I went to work with a wig, and whoever didn’t know about the cancer, didn’t realize. I was diagnosed over summer vacation, and I came back to work in September with a wig already. I didn’t hide it, but it took some people time to find out.
So, during the first bout of cancer I had a lot of energy, and I was lucky to have very few side effects.
S: Did you have nausea during your pregnancies? There seems to be a correlation between people who have nausea during pregnancy and nausea during chemo.
N: No I didn’t, and my doctor also said there is a correlation. I had very little nausea, if at all. As far as other side effects, I hated wearing the wig. It really itched me and was uncomfortable. The minute I was able to, I took it off and wore a head scarf.
S: Your trauma about the hair loss was because your kids took it hard, or was it something you yourself took hard?
N: It was also because of the kids and also because you don’t want anyone to know you are sick. I didn’t like the way I looked when I looked in the mirror, but I understood that it was something temporary, that it would grow back.
It was very hard for the kids. They didn’t want their friends to see me without a head covering. At home I didn’t wear a wig only a head scarf.
I only wore the wig to work and to special events. I think if it wasn’t for the kids asking me not to go without a head covering, I probably would have gone without anything.
S: When the cancer came back, how did you feel?
N: It was very hard. When it came back there were already metastases all over my bones. I had really bad back pain. I received radiation to my neck, but it didn’t help right away. It took time. In the beginning I had to wear a neck brace; initially, only for car rides; but then I had to wear it all the time. I was in terrible pain. For a few months I spent almost all day in bed, I couldn’t move. I could barely get up to go to the bathroom. It took a long time until I found the right pain medication regimen. So yes, things were different. I was in bed and everyone came to me.
S: How did you cope with such bad pain?
N: I remember I was in shock from the pain. I don’t know if I’m someone who doesn’t do the self-pity thing, but I do pity myself sometimes. The pain was so bad sometimes that I physically couldn’t do things, but I don’t remember having a feeling of being depressed.

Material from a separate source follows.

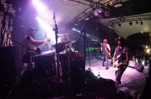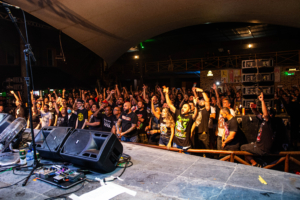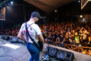 Outra relativamente nova foi “Mucha Policia, Poca Diversión“, dos bascos ESKORBUTO, regravada pelos GAROTOS em 2020. Ecoa um grito em meio à multidão. “fascistas não passarão”. E “Repressão policial” e “Anarquia Oi!” pareceram dar fim a festa.

Once again I summoned the energy. I had no choice. In my way of thinking, I had no choice. I have four children, and I can’t give up or take a time out from this world.
S: You did and do have a choice. You choose.
N: In my mindset, I have no choice. I have to cope, and I have for what to cope. I had to be strong because I have children and they need me, so I cope. My choice is to be here.
S: There is a lot of strength in knowing that you choose and that you are in the driver’s seat.
N: Even if it is a choice, it’s an automatic choice for me. I don’t stop to think, what am I going to do now?
S: That’s your mindset because your family and your kids are important to you.
N: I know that when some mothers are sick, thinking about the children and what will be with them can be depressing. For me, thinking about my children gives me a lot of strength because I want to be there for them. I want them to see that I can cope and that I can be there with them. Even when I was in bed all the time, the kids came to lay in bed next to me, and I read them books.
The kids are very important to me and they give me a lot of strength. They are what gives me the most strength. I love a lot of people in this world, friends and parents and family, but no one comes close to my kids in regards to their meaning in my life, in regards to my love for them, in regards to my commitment to them. The kids are just different. I choose to be there for them because I want what is best for them.
Because they give me so much strength, even when I was stuck lying in bed and not moving, I didn’t sink into a depression. I knew I had to fight. Maybe I am just a doing, practical type of person. I say to myself, this is what I have to do now, and these are my priorities and that’s what I do. I do think about things. I do understand the significance. I choose my priorities and what’s most important, what’s worth fighting for and what I will invest my energy in. What’s less important will wait.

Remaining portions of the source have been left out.